■ **What is expected**: Only the lines from the one containing "Christmas Tree Topper" to the end of the data below belong in the answer, each repeated exactly; no pictures.

■ **Given records**:
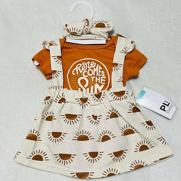 PL Sunshine Cream White Dungaree with Rust Body Suit & Head Band 3 Piece Set 13117
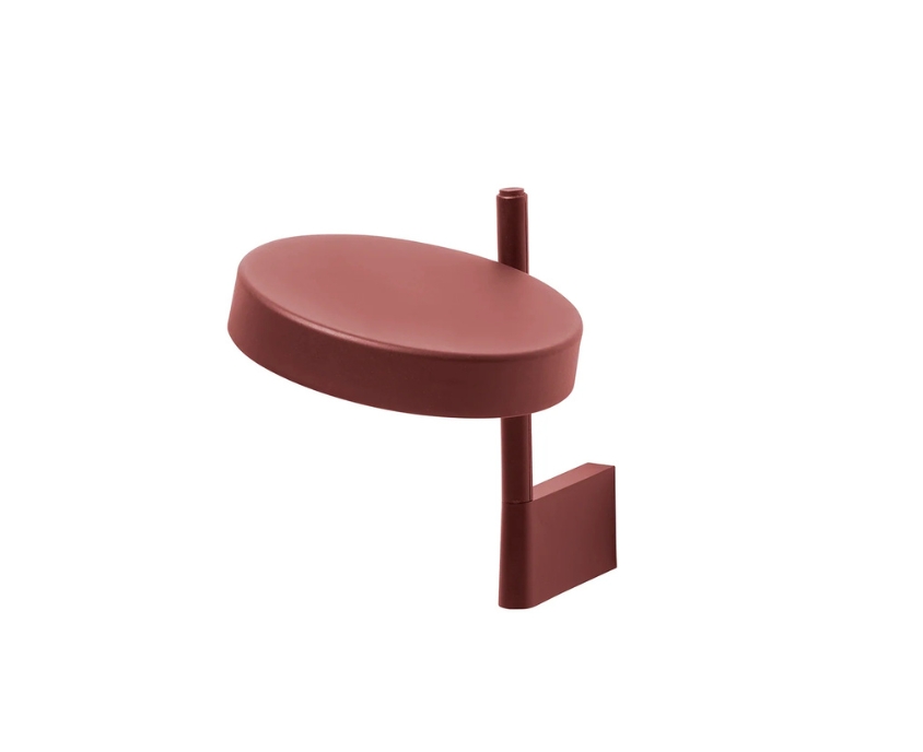 w182 Pastille br1 - wall bracket short - OXIDE RED sienas lampa no WASTBERG. Gaismas disks ar ģeometrisku pieeju, inovatīvajiem materiāliem un izsmalcināto mehāniku, w182 Pastille piedāvā ne tikai augstas klases  veiktspēju, bet arī jaunu veidu, kā mijiedarbojas gaisma mums apkārt. Plūstoši rotējot gaismas disku uz augšu, uz leju un ap savu asi, w182 Pastille brīvi veido izgaismotu virsmu, radot maigu, izkliedētu gaismu, bet ar maigu, bet skaidru izšķirtspēju. Katra detaļa ir rūpīgi pārdomāta un izstrādāta ar lielu precizitāti – sākot ar metāla detaļām, kuras metinātas ar īpašu ultraskaņas tehnoloģiju līdz pat dimmēšanas pogai vertikālā stieņa augšpusē. w182 Pastille sērijas gaismekļus ir radījuši industriālie dizaineri Sam Hecht and Kim Colin.
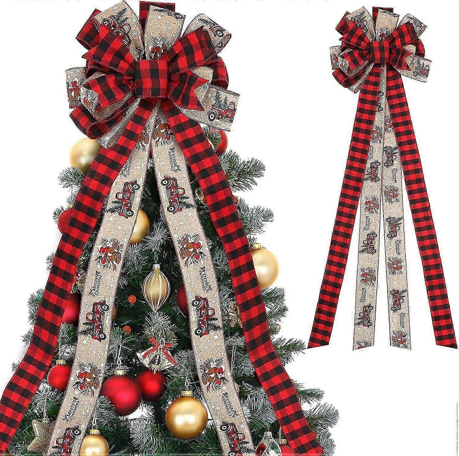 Christmas Tree Topper Bow Plaid Ribbon 1.4m Extra Long
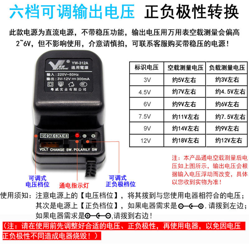 Adjustable voltage DC3-12V power adapter Desheng 3 volt radio transformer 6V repeater 9V power cord
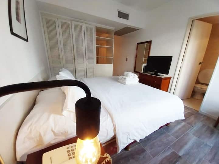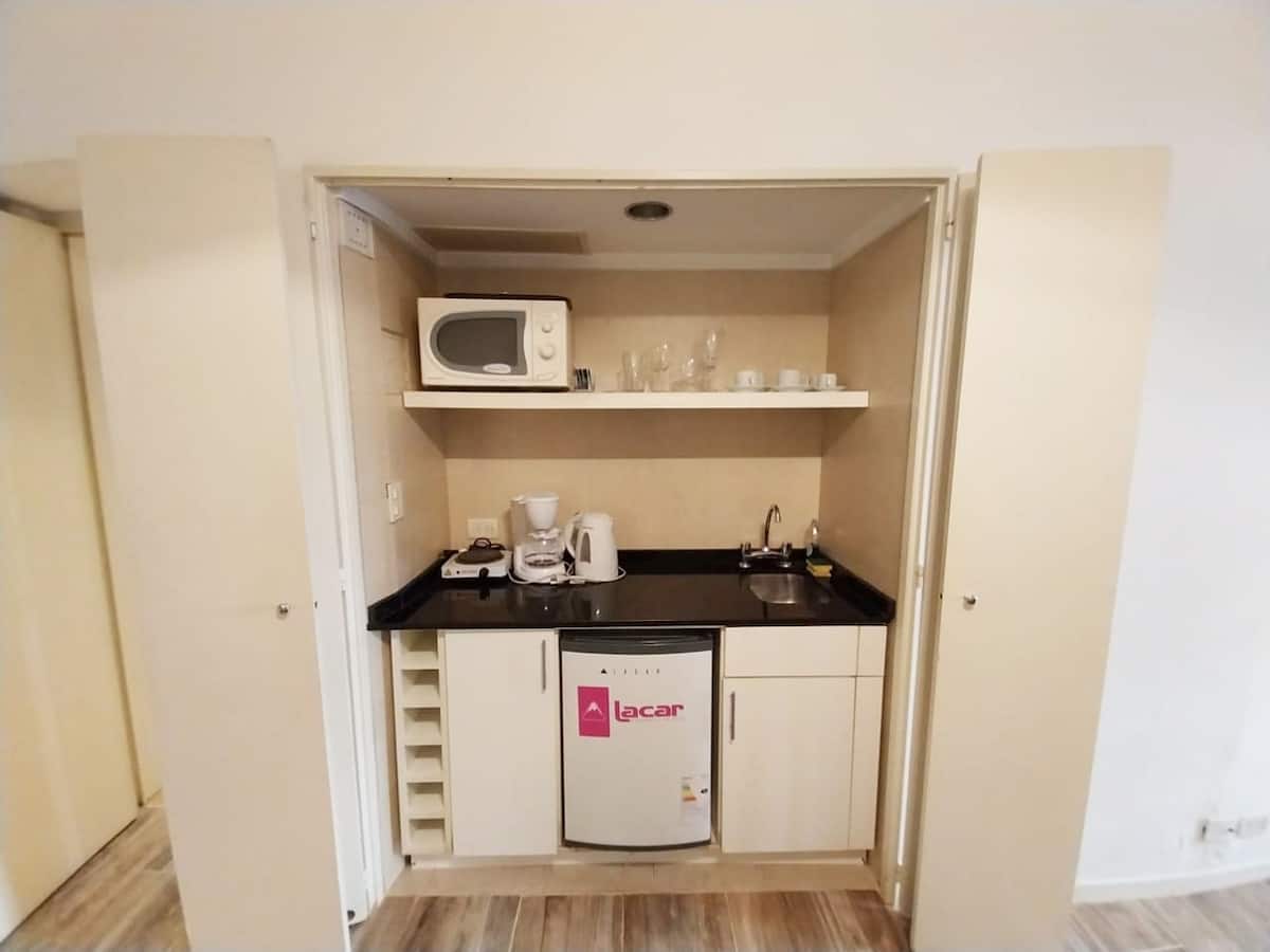 Apartamento tipo studio no 6º andar, de frente para a rua, com vista para a Av./Arenales 855, no bairro Retiro. Imóvel totalmente mobiliado, com piso em porcelanato, banheiro completo, cozinha compacta para preparo de refeições (com geladeira e micro-ondas) e ar-condicionado, além de aquecimento central. O prédio oferece área comum, academia, sala de usos múltiplos (SUM) e lavanderia de uso exclusivo dos moradores do imóvel alugado. Inclui cama queen, área de estar com sofá-cama, secador de cabe

■ **Output below**:
 Christmas Tree Topper Bow Plaid Ribbon 1.4m Extra Long
 Adjustable voltage DC3-12V power adapter Desheng 3 volt radio transformer 6V repeater 9V power cord
 Apartamento tipo studio no 6º andar, de frente para a rua, com vista para a Av./Arenales 855, no bairro Retiro. Imóvel totalmente mobiliado, com piso em porcelanato, banheiro completo, cozinha compacta para preparo de refeições (com geladeira e micro-ondas) e ar-condicionado, além de aquecimento central. O prédio oferece área comum, academia, sala de usos múltiplos (SUM) e lavanderia de uso exclusivo dos moradores do imóvel alugado. Inclui cama queen, área de estar com sofá-cama, secador de cabe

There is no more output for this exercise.